C’est Jean-Marie Rouart, qui l’affirme dans une tribune libre publiée dans le Figaro (9 décembre 2020) :
Devant un péril islamiste bien réel qui s’exprime par la violence, auquel va tenter de répondre le projet de loi sur le séparatisme, il est intéressant d’élever le débat sur le fond. Il faut en effet s’interroger aussi sereinement que possible sur une crainte qui ne laisse pas d’inquiéter les esprits les moins portés aux réactions passionnelles. D’où vient que l’islam qui, à l’inverse du christianisme, comme épuisé par ses anciennes ambitions, n’a pas, lui, abdiqué son prosélytisme virulent, apparaît comme une menace pour l’avenir? (…)
La conséquence, c’est un monde désemparé, de moins en moins guidé par un christianisme qui manifeste des symptômes de fatigue, voire des déviations incontrôlées comme s’en inquiétait G. K.Chesterton face à «tant d’anciennes vertus chrétiennes devenues folles». Un monde tourneboulé par un changement technologique et génétique invraisemblable: nouveau scientisme, mondialisation porteuse d’autant de bienfaits que de déstabilisation, tendances anarchisantes héritées du rousseauisme et ressuscitées bizarrement par les soixante-huitards. Tout cela aboutit à des églises où des fidèles moins nombreux hantent des voûtes qui ne résonnent plus de cantates de Bach et de Haendel, où des prêtres, même s’il en existe beaucoup d’exceptionnels, semblent parfois touchés par la lassitude et l’à quoi bon. Parfois en jeans sous leur surplis, ils déversent machinalement une parole divine assaisonnée de commentaires en vérité moins inspirés par Bossuet, Massillon ou Lamennais que par l’actualité télévisée plus en accord, pensent-ils, avec les préoccupations de leurs ouailles.
Ce qui donne des cérémonies maussades, des messes pauvres en prêches et spirituellement faibles. Dans ces conditions d’appauvrissement liturgique, les messes peuvent-elles encore faire croire à ce merveilleux qui enchantait le christianisme? Comment cette injonction du Christ: «Je suis la vérité, le chemin et la vie» peut-elle encore être entendue? Car au lieu de se renforcer spirituellement sur sa base indémodable et universelle, l’Évangile, de maintenir par les arts, la musique, le chant, tous les chefs-d’œuvre qui illuminaient sa liturgie, le catholicisme sous l’influence d’un progressisme janséniste s’est dépouillé sans vrai profit de sa pompe traditionnelle. (…)

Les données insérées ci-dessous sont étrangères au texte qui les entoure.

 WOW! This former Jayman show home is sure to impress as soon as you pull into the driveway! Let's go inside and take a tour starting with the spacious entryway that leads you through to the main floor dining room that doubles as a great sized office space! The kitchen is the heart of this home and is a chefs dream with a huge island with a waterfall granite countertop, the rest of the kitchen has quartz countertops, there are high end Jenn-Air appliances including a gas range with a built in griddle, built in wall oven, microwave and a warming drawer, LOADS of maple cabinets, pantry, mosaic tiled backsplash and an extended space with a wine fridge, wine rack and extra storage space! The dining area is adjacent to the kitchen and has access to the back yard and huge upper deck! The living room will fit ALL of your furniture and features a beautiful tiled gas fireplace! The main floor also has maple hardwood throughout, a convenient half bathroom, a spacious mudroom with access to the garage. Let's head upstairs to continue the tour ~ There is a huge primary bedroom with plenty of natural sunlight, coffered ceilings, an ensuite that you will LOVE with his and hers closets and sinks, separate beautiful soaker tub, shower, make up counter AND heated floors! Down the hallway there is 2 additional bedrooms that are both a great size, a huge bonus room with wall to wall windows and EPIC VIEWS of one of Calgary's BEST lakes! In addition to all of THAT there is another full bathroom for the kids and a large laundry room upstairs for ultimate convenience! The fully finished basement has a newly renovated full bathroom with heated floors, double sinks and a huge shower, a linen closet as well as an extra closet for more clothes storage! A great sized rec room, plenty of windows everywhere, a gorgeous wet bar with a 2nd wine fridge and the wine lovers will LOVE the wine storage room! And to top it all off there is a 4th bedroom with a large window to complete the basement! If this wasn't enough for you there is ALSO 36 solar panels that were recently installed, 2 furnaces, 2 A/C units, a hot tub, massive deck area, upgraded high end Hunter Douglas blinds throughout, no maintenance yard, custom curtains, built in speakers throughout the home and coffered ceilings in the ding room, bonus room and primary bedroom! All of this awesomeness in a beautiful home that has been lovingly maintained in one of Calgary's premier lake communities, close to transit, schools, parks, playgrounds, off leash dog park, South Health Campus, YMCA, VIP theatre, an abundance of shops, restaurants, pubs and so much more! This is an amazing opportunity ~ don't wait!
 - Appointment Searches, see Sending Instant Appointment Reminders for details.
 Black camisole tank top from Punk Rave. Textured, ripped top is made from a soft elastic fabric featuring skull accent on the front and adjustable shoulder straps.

Le parti laïc, qui a tant combattu le cléricalisme et la superstition religieuse, aimerait remplacer avantageusement cet édifice catholique en crise qu’il rend responsable de beaucoup de nos maux. Brochant son combat sur les dérives sectaires de l’islamisme fanatique, il voudrait dessiller nos yeux de ces croyances puériles que représente pour lui le religieux: remplacer la superstition par la raison, la foi par l’athéisme, la croyance en l’au-delà par la plénitude des jouissances d’ici-bas. Individuellement, ce choix est tout à fait respectable. Il est en revanche plus discutable quand on veut unifier une société qui a besoin d’une référence métaphysique plus solide et d’une aspiration à la transcendance. (…)
comment les tenants du laïcisme pur et dur dans leur orgueil de libres penseurs peuvent-ils croire un instant qu’ils seront capables à eux seuls par leurs incantations à Jules Ferry et à Jaurès d’endiguer le tsunami islamiste qui, par la double insinuation de la persuasion et de la violence, risque de vouloir s’imposer? (…)
Ces étoiles, legs d’un judéo-christianisme nullement incompatible avec la laïcité, n’avons-nous pas intérêt à les faire resplendir plutôt que de nous obstiner à les éteindre, non tant par la croyance qui appartient à la conscience, mais par la défense de l’architecture culturelle et spirituelle qui les porte? Sinon, nous risquons de voir l’islam les rallumer à son profit.